_Directions for this task:_
Copy the data exactly as it appears, and do not include any pictures.

_Material provided:_
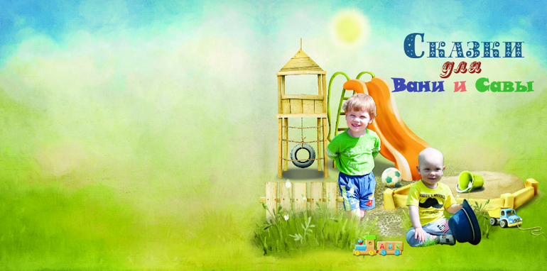 Начинаю делать фотосказку про своих сынушек. Сделала первый разворот.
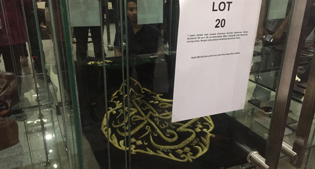 Kain hitam berukuran 80 cm x 59 cm itu terjual ke tangan pengusaha besi tua asal Madura, HR. Muhammad Jufri Saad.
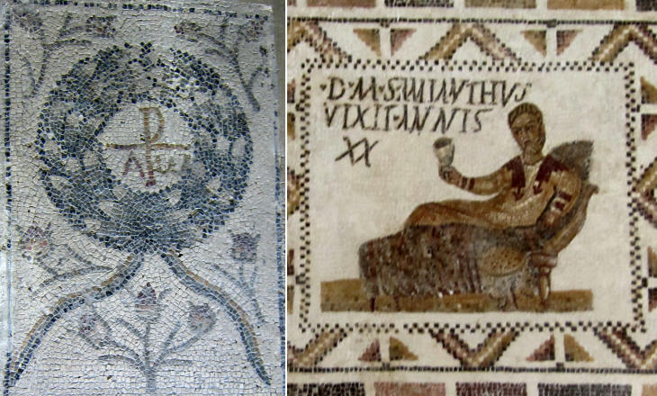 (left) A mosaic depicting a Chi-Rho, Christ's monogram on a tombstone; (right) the dead, a Pagan, attending his funerary banquet, a popular subject in tomb paintings and sarcophagi, less so in mosaics

_Written response:_
 Начинаю делать фотосказку про своих сынушек. Сделала первый разворот.
 Kain hitam berukuran 80 cm x 59 cm itu terjual ke tangan pengusaha besi tua asal Madura, HR. Muhammad Jufri Saad.
 (left) A mosaic depicting a Chi-Rho, Christ's monogram on a tombstone; (right) the dead, a Pagan, attending his funerary banquet, a popular subject in tomb paintings and sarcophagi, less so in mosaics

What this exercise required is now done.